5. Die Beschäftigungsfrage: Arbeiten in der IT- Kontraktfertigung: Hier steht die soziologische Analyse des „flexiblen Neotaylorismus“ sowie die Notwendigkeit politischer Regulierungen und globaler Arbeitsstandards im Mittelpunkt.
6. Fazit: Das Fazit fasst die paradoxe Struktur der IT-Industrie zusammen und betont die Dringlichkeit gewerkschaftlicher Vertretung und sozialer Absicherung in globalen Netzwerken.
Schlüsselwörter
Kontraktfertigung, globale Produktionsnetzwerke, IT-Industrie, flexibler Neotaylorismus, Standortverlagerung, globale Warenketten, Wertschöpfungskette, industrielle Regulation, Arbeitsorganisation, Global Sourcing, Arbeitsverhältnisse, Unternehmensvernetzung, Markenhersteller, vertikale Desintegration, prekäre Arbeit.
Häufig gestellte Fragen
Worum geht es in dieser wissenschaftlichen Arbeit grundlegend?
Die Arbeit analysiert die internationale IT-Branche und untersucht, wie globale Produktionsnetzwerke die Arbeitsorganisation und die Beschäftigungsverhältnisse durch das Modell der Kontraktfertigung verändern.
Welche zentralen Themenfelder werden behandelt?
Die zentralen Felder umfassen die Theorie globaler Warenketten, die vertikale Desintegration der IT-Industrie, das Konzept des flexiblen Neotaylorismus und die Herausforderungen für die industrielle Regulierung.
Was ist das primäre Ziel oder die Forschungsfrage?
Das Ziel ist zu erklären, wie neue Strukturen unternehmensübergreifender Wertschöpfung entstehen und welche Auswirkungen diese auf die Arbeitsverhältnisse der Beschäftigten in der IT-Kontraktfertigung haben.
Welche wissenschaftliche Methode verwendet die Autorin?
Die Arbeit basiert auf einer theoretisch-historischen Diskursanalyse, die aktuelle soziologische Konzepte und ökonomische Theorien zu Globalisierung und Unternehmensstrukturwandel verknüpft.
Was steht im inhaltlichen Fokus des Hauptteils?
Der Hauptteil widmet sich der Funktionsweise der Kontraktfertigung, dem Aufstieg der „No-Name“-Unternehmen und der Analyse der Arbeitsbedingungen unter dem Regime des Neotaylorismus.
Welche Keywords charakterisieren diese Arbeit am besten?

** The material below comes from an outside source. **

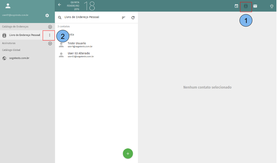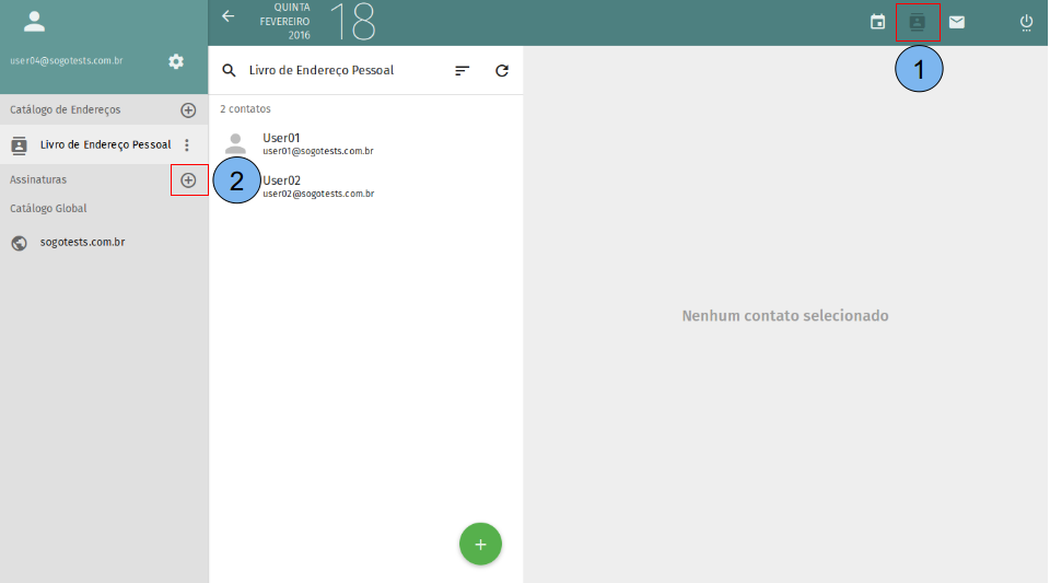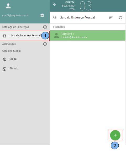(1)Selecione o catálogo onde o contato será criado. (2)Clique em adicionar no botão (+).

Zu den prägenden Begriffen gehören Kontraktfertigung, globale Produktionsnetzwerke, flexibler Neotaylorismus und industrielle Regulation.

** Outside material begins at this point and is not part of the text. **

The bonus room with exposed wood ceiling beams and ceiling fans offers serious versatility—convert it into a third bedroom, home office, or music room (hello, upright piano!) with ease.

Was sind „Tarnkappenproduzenten“ im Kontext dieser Arbeit?
Dies ist die Bezeichnung für Kontraktfertiger, die zwar umfangreiche Koordinationstätigkeiten ausüben und eine zentrale Rolle in der Produktion spielen, aber keine eigenen Markennamen führen und gegenüber der Öffentlichkeit verborgen bleiben.
Warum wird die Situation in der Kontraktfertigung als „arbeitspolitisches Roll Back“ bezeichnet?
Der Begriff beschreibt die Rückkehr zu tayloristischen Rationalisierungs- und Massenproduktionsmethoden, jedoch in einer neuen, hochflexiblen und prekären Form innerhalb einer global vernetzten Wirtschaft.